**Data provided:**
=== Section Start ===

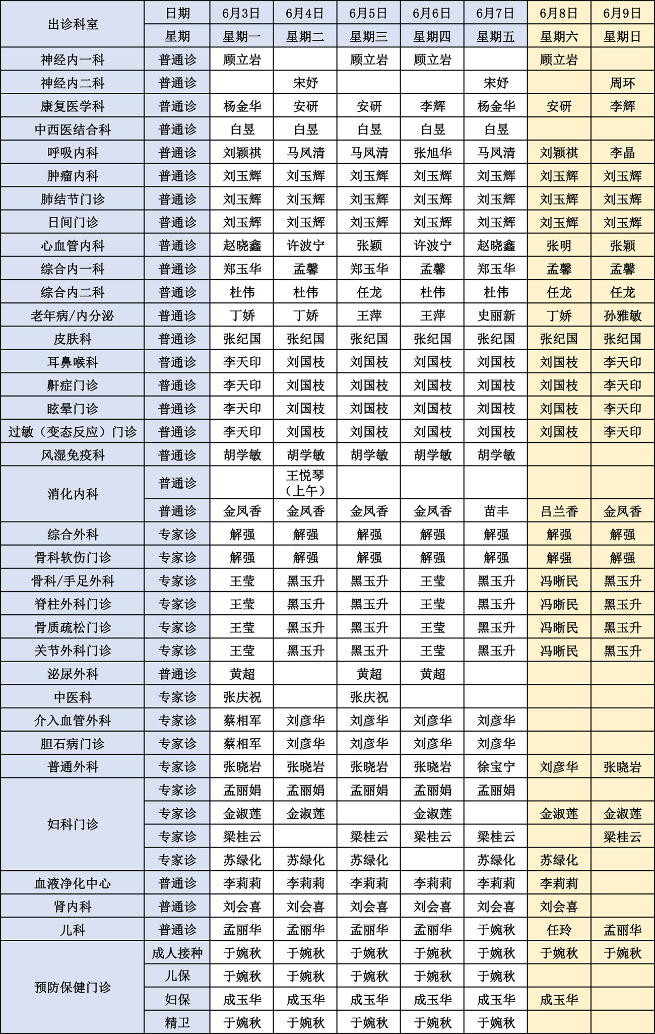 出诊信息|东北国际医院北部院区6月3日-6月9日出诊安排
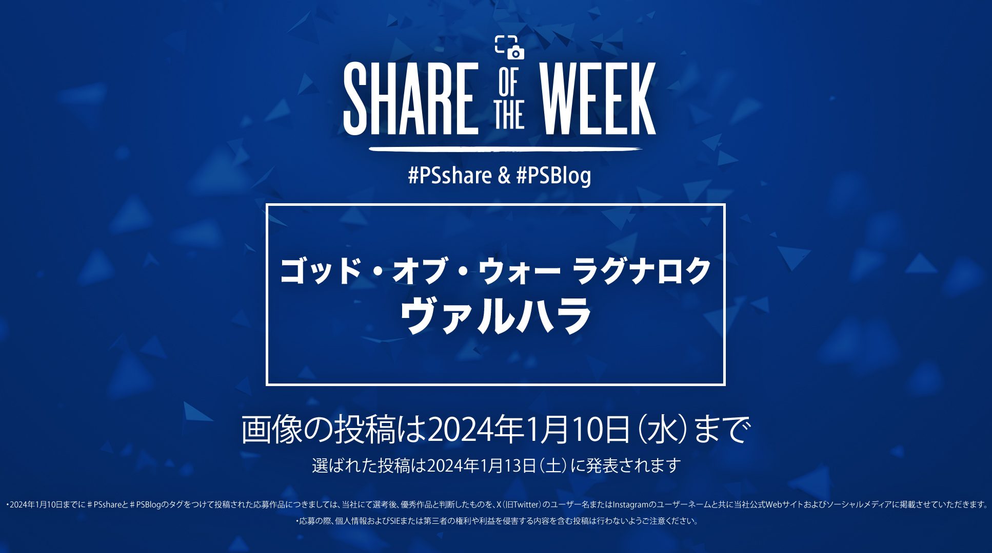 次週のテーマは「ゴッド・オブ・ウォー ラグナロク:ヴァルハラ」! 新たな挑戦とシャッターチャンスが待つヴァルハラへ! お気に入りの瞬間をキャプチャして#PSshareと#PSBlog、ふたつのハッシュタグとともに、1月10日(水)までに投稿してください。あなたの投稿が各国のPS公式メディアから世界中に発信されるチャンスです!
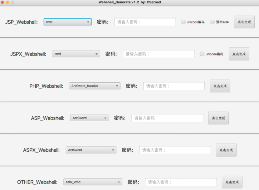 该工具没什么技术含量,学了一点javafx,使用jdk8开发出了几个简单功能用来管理webshell。页面比较low。工具整合并改写了各类webshell,支持各个语言的cmd、蚁剑、冰蝎、哥斯拉,又添加了实际中应用到的一些免杀技巧,以方便实际需要。
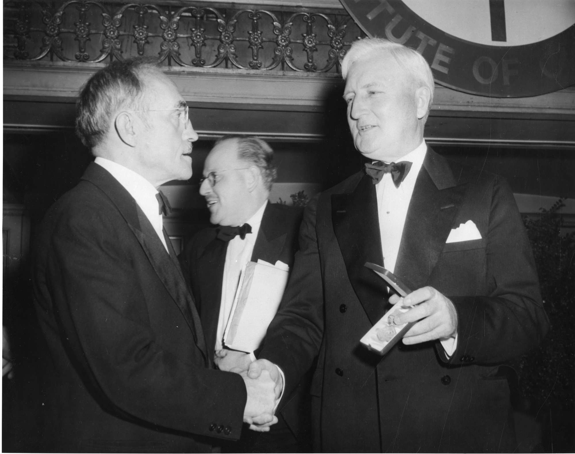 The Gold Medal of the American Institute of Chemists was presented on May 11, 1945, to John W. Thomas, Chairman of the Firestone Tire and Rubber Company, during ceremonies in the Deshler-Wallick Hotel, Columbus, Ohio. Mr. Thomas (right) held the Medal as he was congratulated by Dr. Gustav Egloff (1886-1955) (left), President of the Institute. Mr. Thomas was honored for his nearly forty years of leadership in rubber research, and for achievements made under his direction in the development and production of synthetic rubber. Dr. E. L. Luaces of Dayton, Ohio, chairman of the Miami Valley Chapter of the Institute, is visible in the background.
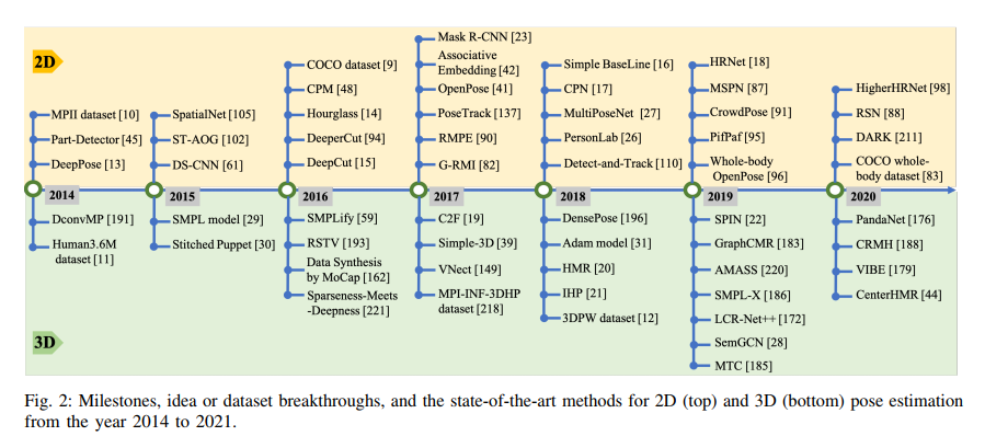 28页综述,共计232篇参考文献!本文对2014年以来的2D和3D人体姿态估计方法进行全面调研,并精选出里程碑的方法,系统总结各种方法的差异和联系,并介绍了数据集和评价指标。
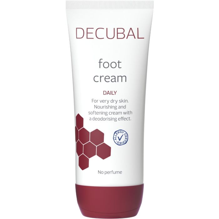 Decubal fotkrem til daglig pleie av svært tørr og sensitiv hud på føttene. Effektiv fotkrem til daglig bruk om gjør huden på føttene myk, forebygger sprekker og holder de freshe. I tillegg til karbamid (2 %) inneholder fotkremen blant annet mandelolje som pleier den tynne sarte huden på føttene, vitamin E som gir ekstra fukt og høyrenset lanolin og glycerin som mykgjør. Fotkremen har en beskyttende effekt mot uønsket lukt. Uten parfyme og fargestoffer. Fettinnhold: 37 %. pH: 4,5.
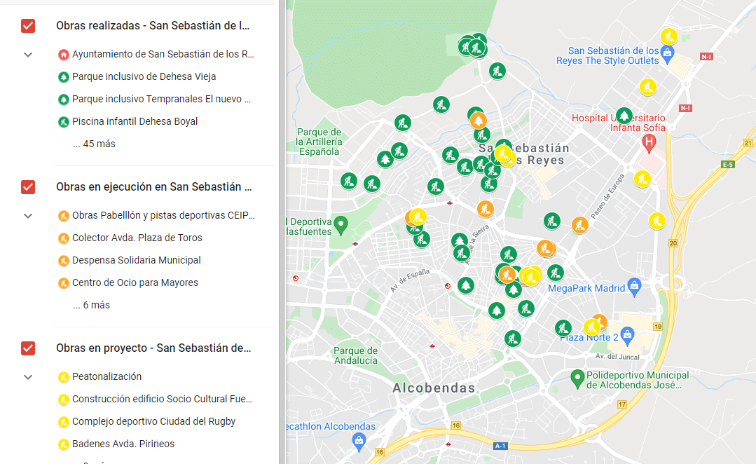 Con este mapa basado en Google Maps los vecinos podrán comprobar de forma instantánea los trabajos que se han realizado en el municipio desde el 2019, los que actualmente están en ejecución y las actuaciones que en este momento están en fase de proyecto.
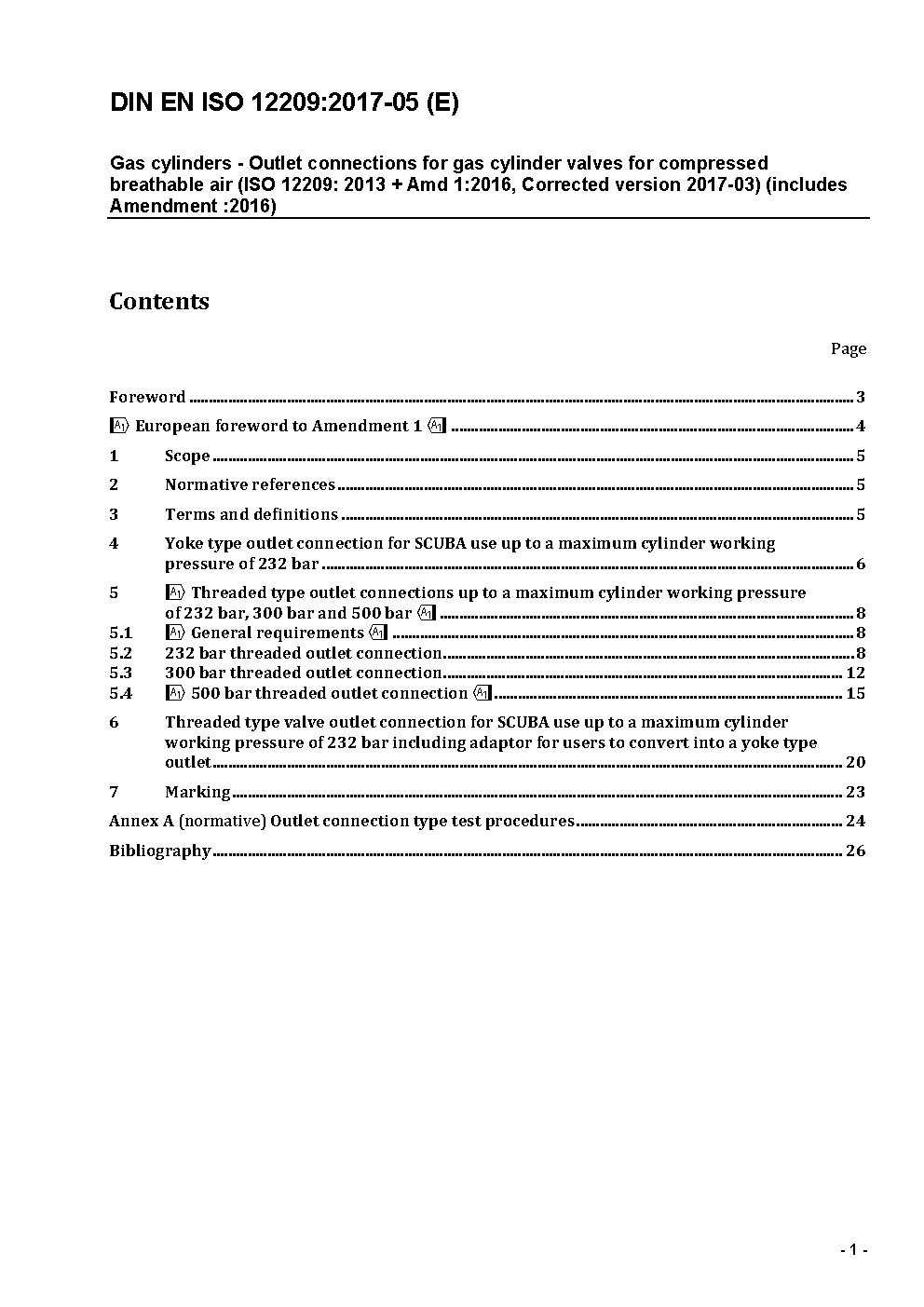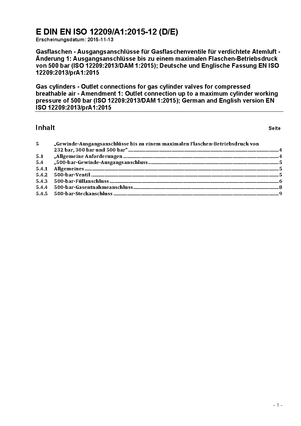 Gas cylinders - Outlet connections for gas cylinder valves for compressed breathable air - Amendment 1: Outlet connection up to a maximum cylinder working pressure of 500 bar (ISO 12209:2013/DAM 1:2015); German and English version EN ISO 12209:2013/prA1:2015
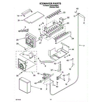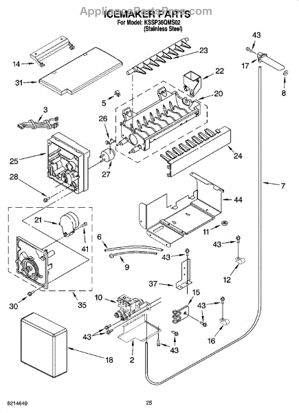 This refrigerator ice maker assembly automatically freezes water and harvests cubes so you have a steady supply of ice in the freezer. Replacing a failed assembly restores consistent, hands-off ice production.
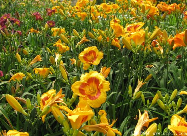 萱草,樹體高0.5~2米高左右,樹葉形狀根據(jù)種類不相同有差異,有一些很細(xì)很長(zhǎng),有一些比較圓,萱草花蕾顏色是增加,如國(guó)旗紅,粉紅色,鵝黃黃,粉白色等,開花的時(shí)間比較長(zhǎng),花量十分大,每年的是開花的季節(jié)時(shí)間段從6月上旬到8月,花種9~10月才熟,有較好的出苗水平。
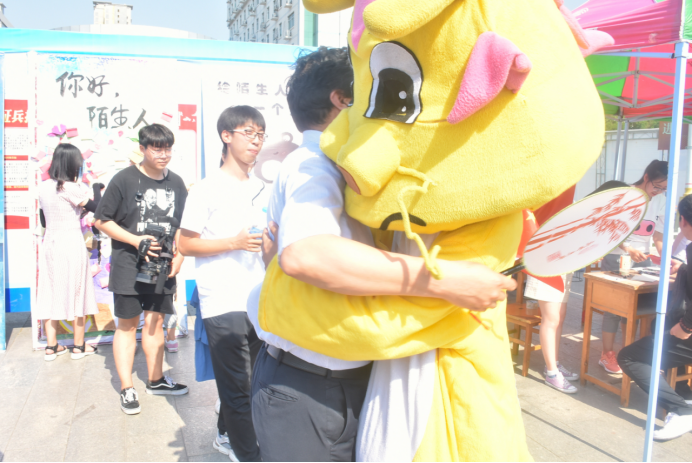 的活动。两项活动分别以匿名相送亲笔书信、互相拥抱彼此的形式传递真情,得到了现场师生的热情参与。一片欢声笑语中,大家彼此加深了沟通与了解,现场其乐融融,活动的气氛被不断推向高潮。
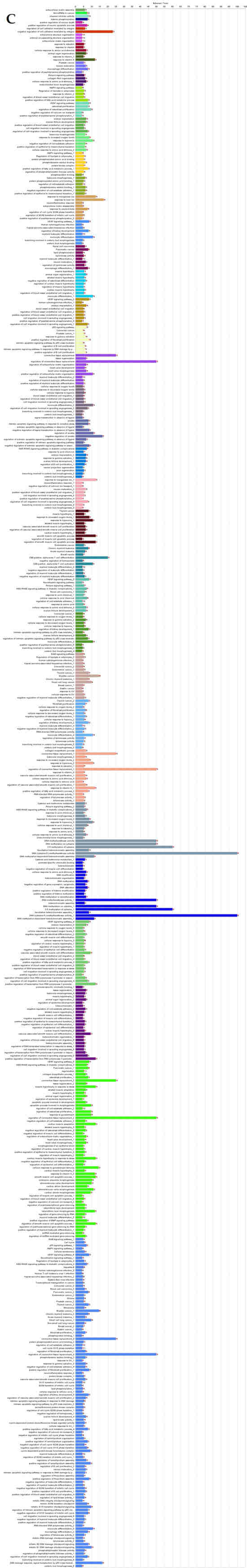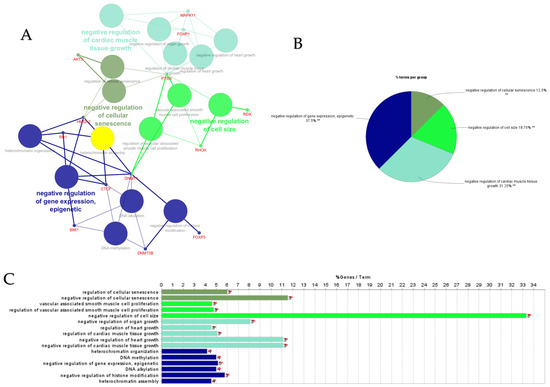 Figure 7. ClueGO analysis of downregulated hub genes in circulation in cows with metritis. (A) Functionally grouped network with terms as nodes linked based on their kappa score level (≥0.4), where only the label of the most significant term per group is shown. The node size represents the term enrichment significance. Functionally related groups partially overlap. The color gradient shows the gene proportion of each cluster associated with the term. (B) Overview chart with functional groups including specific terms for downregulated genes. The percentage of genes per term is shown as term label. ** p < 0.001. (C) GO/pathway terms specific for downregulated hub genes. The bars represent the number of genes associated with the terms. The number of genes per term is shown as bar label.

=== Section End ===

**Exercise requirements:** Transcribe the full listing exactly, but keep every image out of it.

**Solved exercise:**
 出诊信息|东北国际医院北部院区6月3日-6月9日出诊安排
 次週のテーマは「ゴッド・オブ・ウォー ラグナロク:ヴァルハラ」! 新たな挑戦とシャッターチャンスが待つヴァルハラへ! お気に入りの瞬間をキャプチャして#PSshareと#PSBlog、ふたつのハッシュタグとともに、1月10日(水)までに投稿してください。あなたの投稿が各国のPS公式メディアから世界中に発信されるチャンスです!
 该工具没什么技术含量,学了一点javafx,使用jdk8开发出了几个简单功能用来管理webshell。页面比较low。工具整合并改写了各类webshell,支持各个语言的cmd、蚁剑、冰蝎、哥斯拉,又添加了实际中应用到的一些免杀技巧,以方便实际需要。
 The Gold Medal of the American Institute of Chemists was presented on May 11, 1945, to John W. Thomas, Chairman of the Firestone Tire and Rubber Company, during ceremonies in the Deshler-Wallick Hotel, Columbus, Ohio. Mr. Thomas (right) held the Medal as he was congratulated by Dr. Gustav Egloff (1886-1955) (left), President of the Institute. Mr. Thomas was honored for his nearly forty years of leadership in rubber research, and for achievements made under his direction in the development and production of synthetic rubber. Dr. E. L. Luaces of Dayton, Ohio, chairman of the Miami Valley Chapter of the Institute, is visible in the background.
 28页综述,共计232篇参考文献!本文对2014年以来的2D和3D人体姿态估计方法进行全面调研,并精选出里程碑的方法,系统总结各种方法的差异和联系,并介绍了数据集和评价指标。
 Decubal fotkrem til daglig pleie av svært tørr og sensitiv hud på føttene. Effektiv fotkrem til daglig bruk om gjør huden på føttene myk, forebygger sprekker og holder de freshe. I tillegg til karbamid (2 %) inneholder fotkremen blant annet mandelolje som pleier den tynne sarte huden på føttene, vitamin E som gir ekstra fukt og høyrenset lanolin og glycerin som mykgjør. Fotkremen har en beskyttende effekt mot uønsket lukt. Uten parfyme og fargestoffer. Fettinnhold: 37 %. pH: 4,5.
 Con este mapa basado en Google Maps los vecinos podrán comprobar de forma instantánea los trabajos que se han realizado en el municipio desde el 2019, los que actualmente están en ejecución y las actuaciones que en este momento están en fase de proyecto.
 Gas cylinders - Outlet connections for gas cylinder valves for compressed breathable air - Amendment 1: Outlet connection up to a maximum cylinder working pressure of 500 bar (ISO 12209:2013/DAM 1:2015); German and English version EN ISO 12209:2013/prA1:2015
 This refrigerator ice maker assembly automatically freezes water and harvests cubes so you have a steady supply of ice in the freezer. Replacing a failed assembly restores consistent, hands-off ice production.
 萱草,樹體高0.5~2米高左右,樹葉形狀根據(jù)種類不相同有差異,有一些很細(xì)很長(zhǎng),有一些比較圓,萱草花蕾顏色是增加,如國(guó)旗紅,粉紅色,鵝黃黃,粉白色等,開花的時(shí)間比較長(zhǎng),花量十分大,每年的是開花的季節(jié)時(shí)間段從6月上旬到8月,花種9~10月才熟,有較好的出苗水平。
 的活动。两项活动分别以匿名相送亲笔书信、互相拥抱彼此的形式传递真情,得到了现场师生的热情参与。一片欢声笑语中,大家彼此加深了沟通与了解,现场其乐融融,活动的气氛被不断推向高潮。
 Figure 7. ClueGO analysis of downregulated hub genes in circulation in cows with metritis. (A) Functionally grouped network with terms as nodes linked based on their kappa score level (≥0.4), where only the label of the most significant term per group is shown. The node size represents the term enrichment significance. Functionally related groups partially overlap. The color gradient shows the gene proportion of each cluster associated with the term. (B) Overview chart with functional groups including specific terms for downregulated genes. The percentage of genes per term is shown as term label. ** p < 0.001. (C) GO/pathway terms specific for downregulated hub genes. The bars represent the number of genes associated with the terms. The number of genes per term is shown as bar label.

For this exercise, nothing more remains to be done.